▶ EXERCISE AIM
The required answer is an exact copy of the lines from the one containing "最後に羽田空港に向かう飛行機の機内からみた虹の画像でも。" to the end of the listing, both included, without any pictures.

▶ DATA EXCERPT

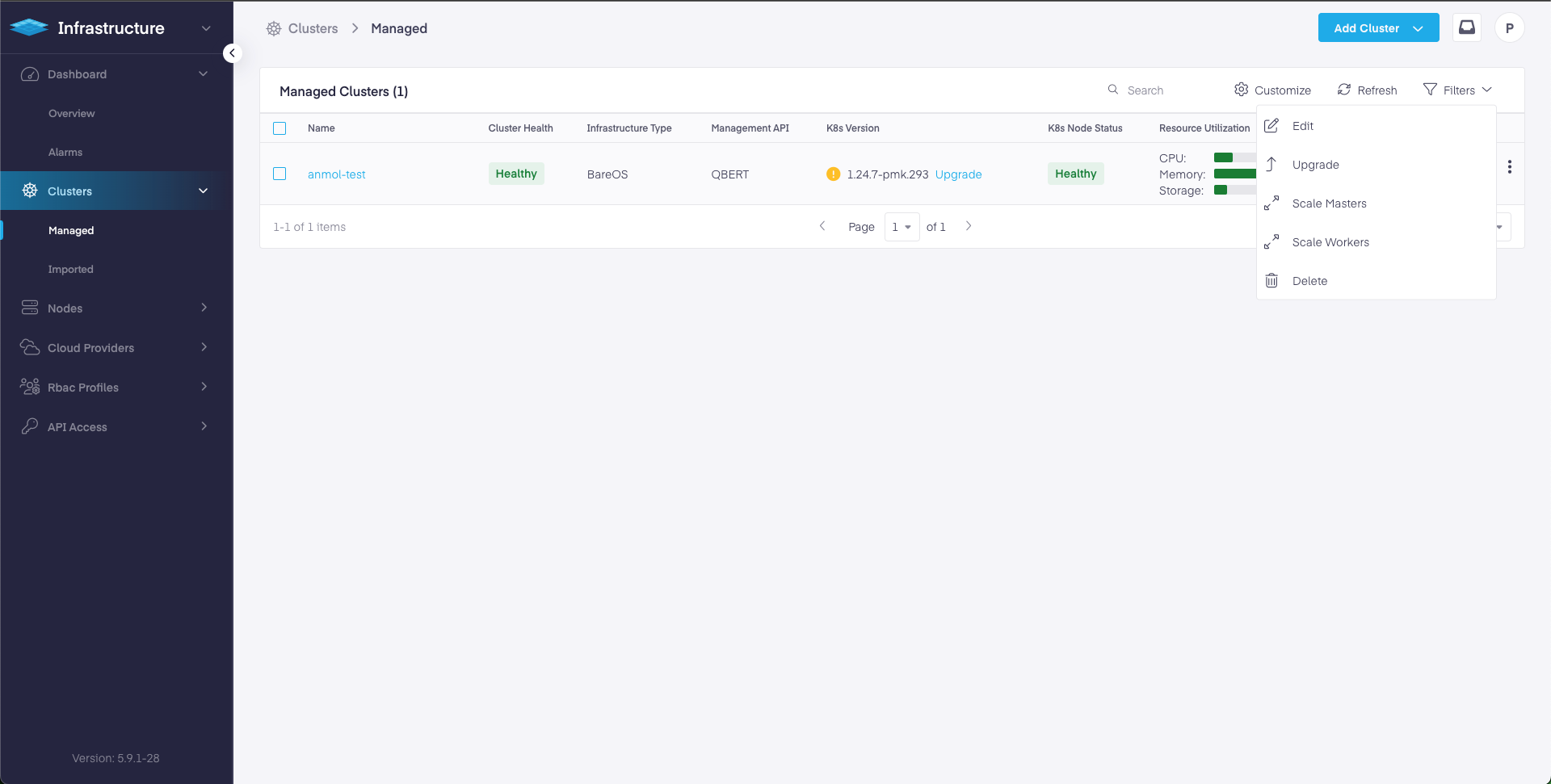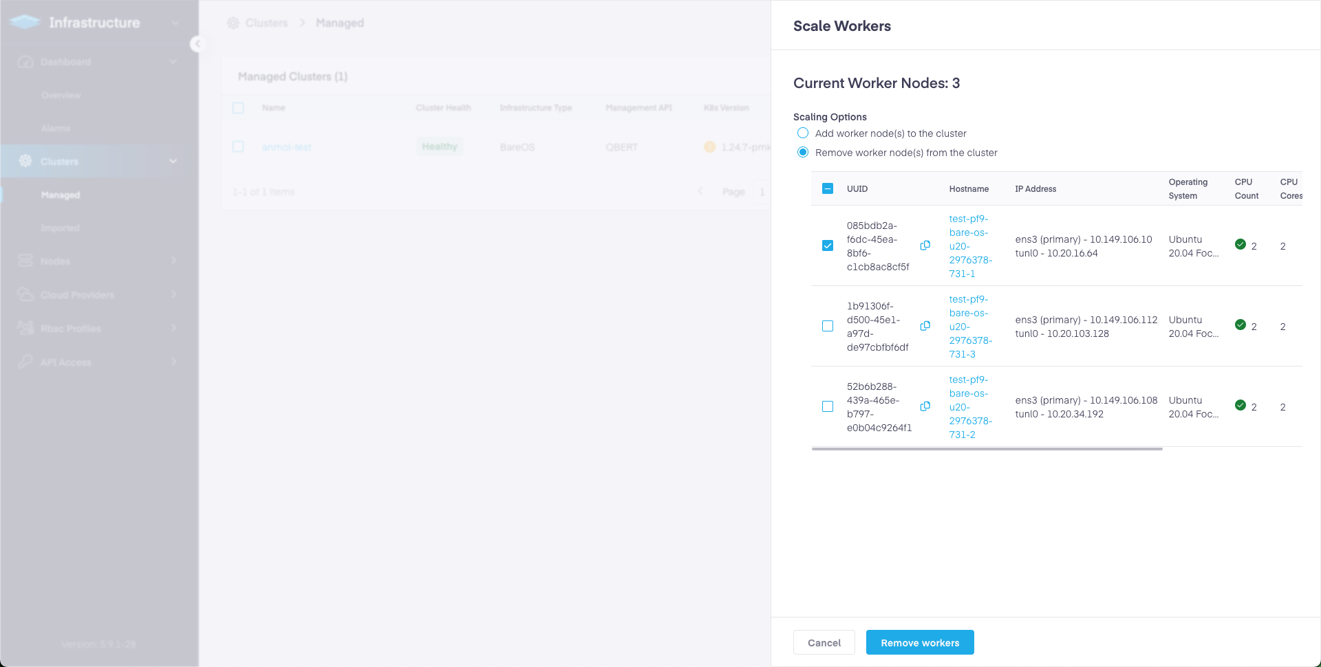 Nodes that are attached to on-premise (BareOS) Kubernetes cluster created using PMK can be detached when the nodes are not required to be a part of the cluster.
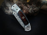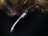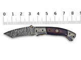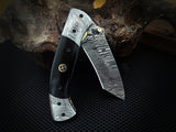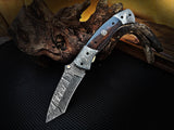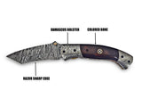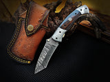 Discover our Folding Pocket Tanto Knife, featuring a stunning colored camel bone handle and double Damascus bolster. At 8.5 inches, this handcrafted Damascus steel knife is perfect for outdoor adventures or as a unique gift. Comes with a leather sheath for convenient carrying.
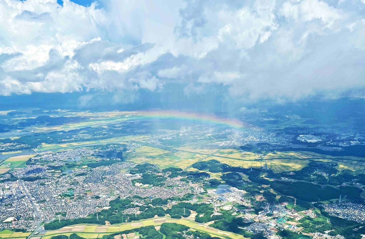 最後に羽田空港に向かう飛行機の機内からみた虹の画像でも。
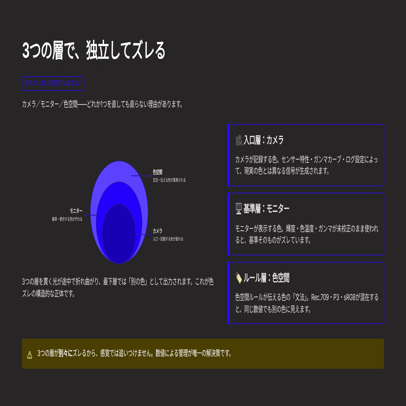 この構造は、3人の翻訳者が同じ原文を違う辞書で訳すのに似ている。訳された文章はそれぞれ「文法的には正しい」が、原文のニュアンスは失われる。映像の色も同じだ。カメラが記録した色を、モニターが正しい辞書で翻訳し、色空間ルールが正しい文法で伝えない限り、視聴者には「別の色」が届く。

▶ EXPECTED ANSWER
 最後に羽田空港に向かう飛行機の機内からみた虹の画像でも。
 この構造は、3人の翻訳者が同じ原文を違う辞書で訳すのに似ている。訳された文章はそれぞれ「文法的には正しい」が、原文のニュアンスは失われる。映像の色も同じだ。カメラが記録した色を、モニターが正しい辞書で翻訳し、色空間ルールが正しい文法で伝えない限り、視聴者には「別の色」が届く。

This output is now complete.